Backtesting the neckline here...

...and, note the RSI trendline -- should offer support for the next leg up.


The Inverse H&S I mentioned yesterday just completed.  The upside is 40 points or so, making it 1238.

There are a couple of obvious targets for the termination of this wave.

Point A is 1215, the Nov 1 low that fits most of the EW counts I've seen.  Point B would create EW "problems" but fits from the standpoint of the channels that have guided much of the past nine months as well as a TL off the recent highs.

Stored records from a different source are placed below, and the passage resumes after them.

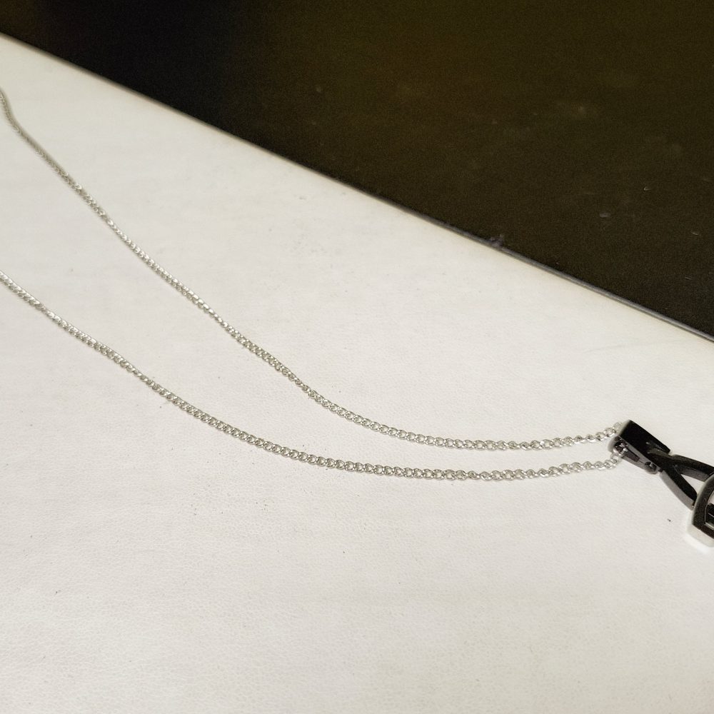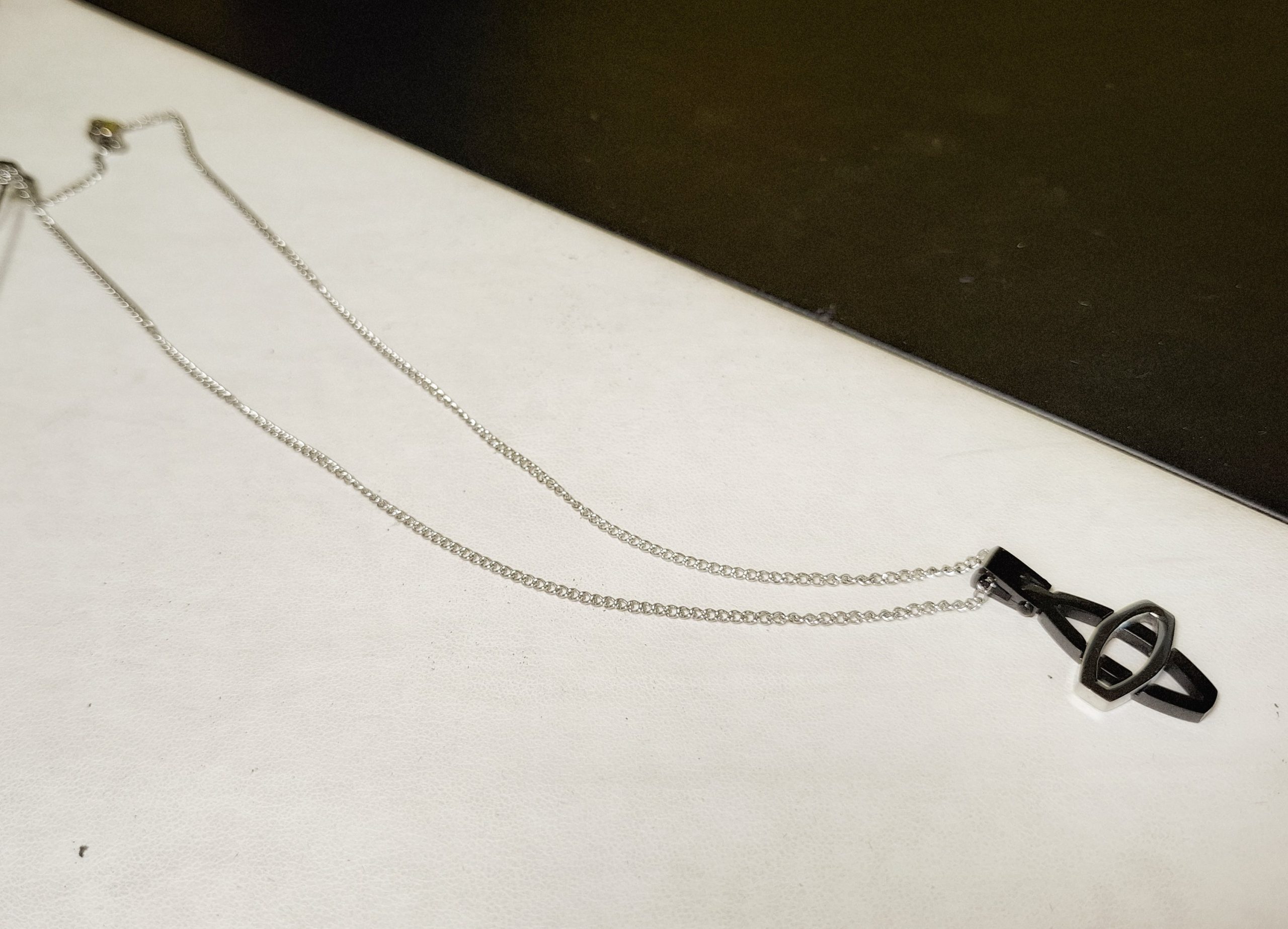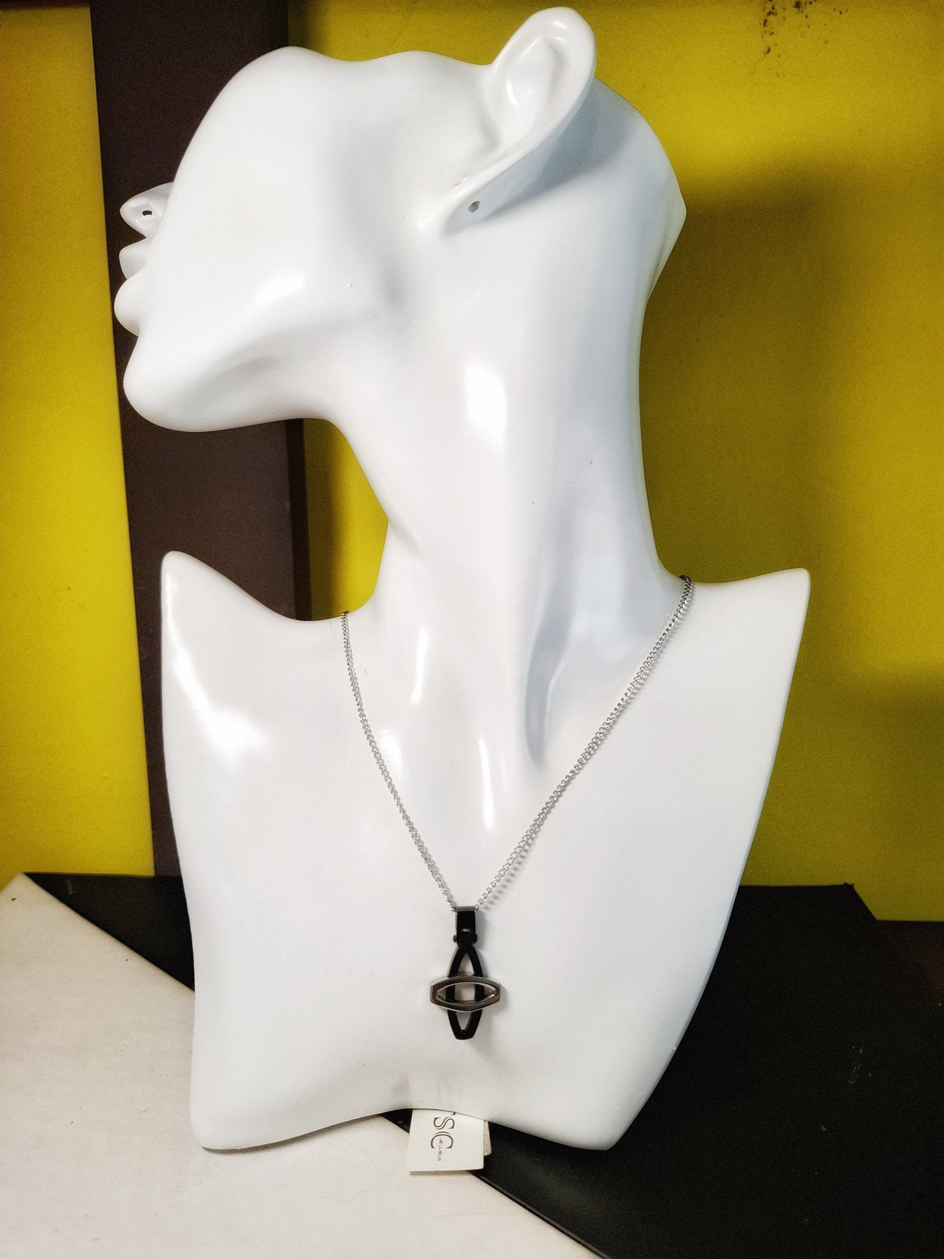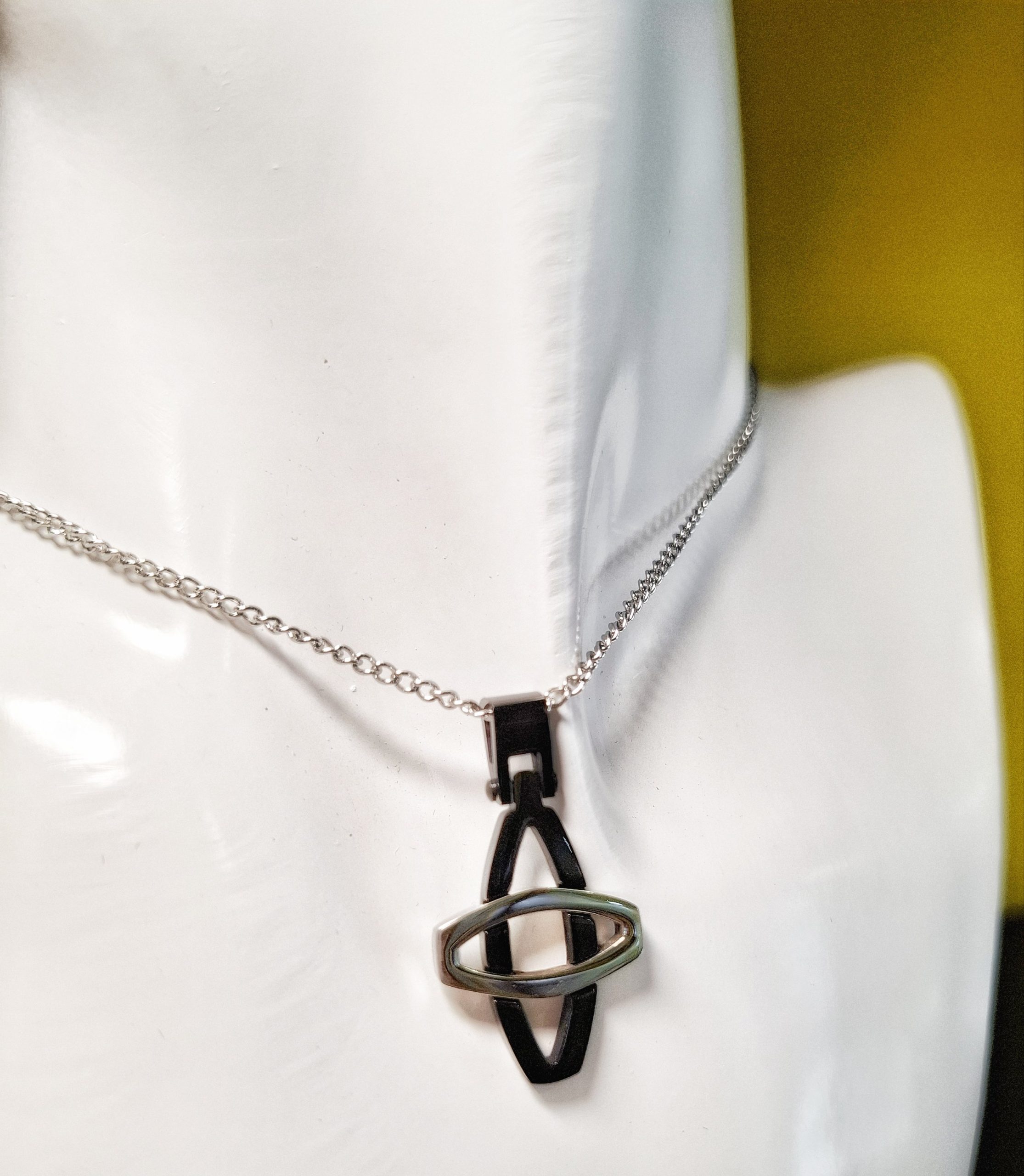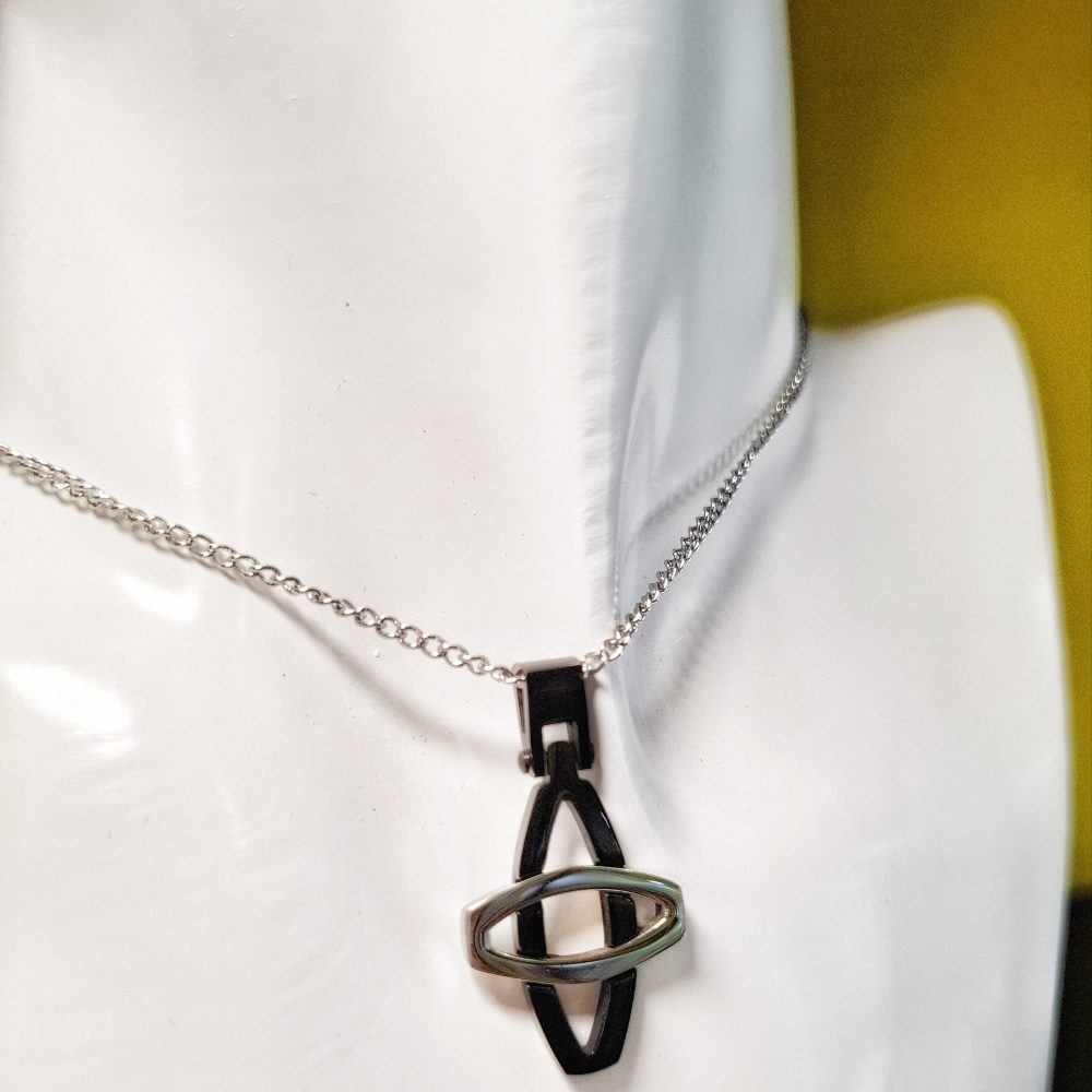 Collana uomo in acciaio bicolore bianco/nero, con crocifisso.
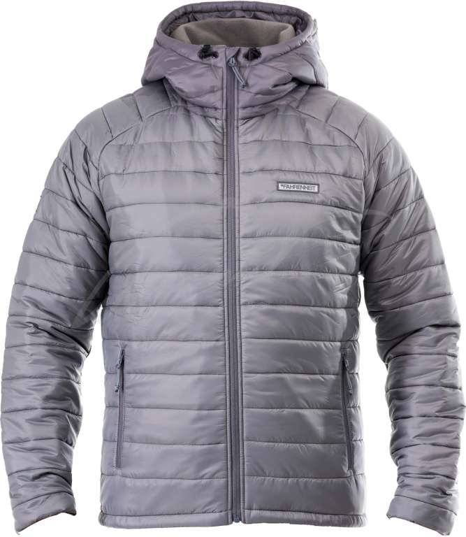 Куртка Fahrenheit Joker Hoody – новинка 2019 року. Розрахована для носіння в холодну пору року. Завдяки вільному крою і водовідштовхувальним просочення DWR (Durable Water Repellent) одяг рекомендована до застосування рибалками і туристами, а сучасний стиль дозволяє носити її і повсякденно. Зовнішня тканина куртки з Gelanots Nylon 100 % щільністю 36g/m2 – дуже міцного і легкого матеріалу, довго зберігає первинний зовнішній вигляд виробу. Підкладка виконана з того ж матеріалу, що і зовнішня сторона. Наповнювачем служить сучасний і дуже ефективний матеріал PrimaLoft Silver - Polyester 100%, який забезпечує максимальну теплозахист користувача при досить невысом питомій вазі. Куртка забезпечена утепленим капюшоном з стяжками, який здатний виконувати роль повноцінного головного убору, що захищає власника від вітру і холоду. Поділ куртки також має утяжки. Два бічних кишені на блискавках можуть вміщати рукавички або інші дрібні речі. Також є внутрішня кишеня на блискавці для документів. Куртка Fahrenheit Joker Hoody може стати прекрасним вибором для активних людей, що займаються спортом, риболовлею або туризмом.
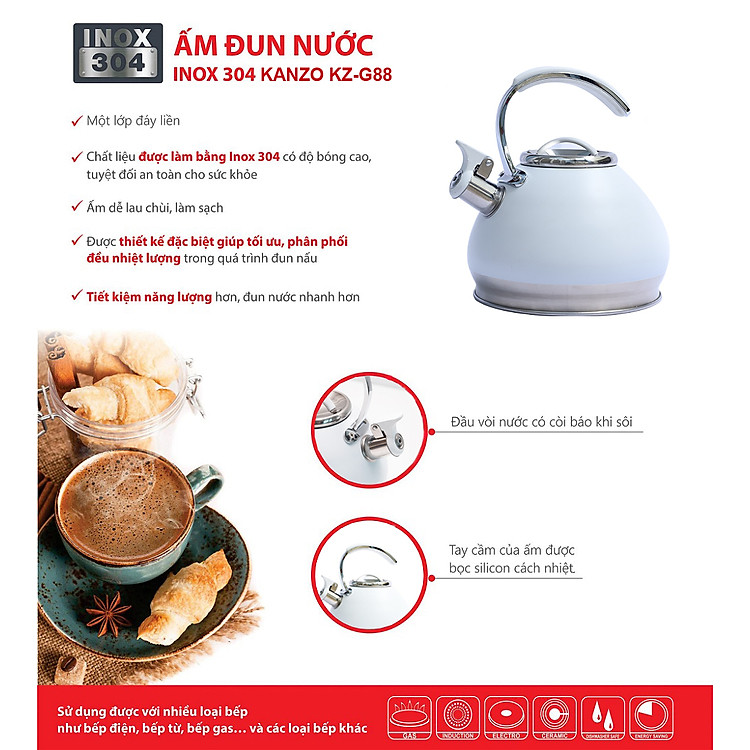 ẤM ĐUN NƯỚC KANZO KZ-G88 DÙNG BẾP TỪ- Ấm đun nước KANZO KZ-G88 còi báo Luxury 3L:+ Ấm đun nước Luxury KZ-G88 phù hợp với nhu cầu của mọi gia đình, bình có dung tích 3 lít đảm bảo nhu cầu nước để tắm,…

If we count the 1292 high as A of wave 2 instead of the completion of wave 2, it opens up lots of higher possibilities which I have discussed at length over the past week or two.  We'll revisit these if/when they come into play, but the highest point I can see making a lot of sense is the 1307-1313 range.

Remember, anything above 1292 would merely be completing a wave 2 -- not a bull market resumption.  The trend is still down, and I see nothing on the horizon to change that.

Note that Friday's low completed a .618 Fib retrace of the 1074 - 1292 run, meaning it's a very likely candidate for a Point B in a Gartley pattern.  A typical Gartley would put in a Point C somewhere between here and 1292 (points A or B from the top chart would do nicely) then drop to the .786 Fib level at 1121 before reversing again.  We'll keep an eye on it.

Monday, November 28, 2011

Charts I'm Watching: November 28, 2011

UPDATE:  1:30 PM

Rally showing great breadth, could go quite a ways before erasing the recent oversold technicals.   Spit-balling here, but the potential inverse H&S pattern setting up could be good for 40 points or so.  It would intersect with a TL off the 1292 top as well as one of our channel lines and the .618 Fib retracement of the 1292 to 1158 decline.  We'll call the target 1241 for now.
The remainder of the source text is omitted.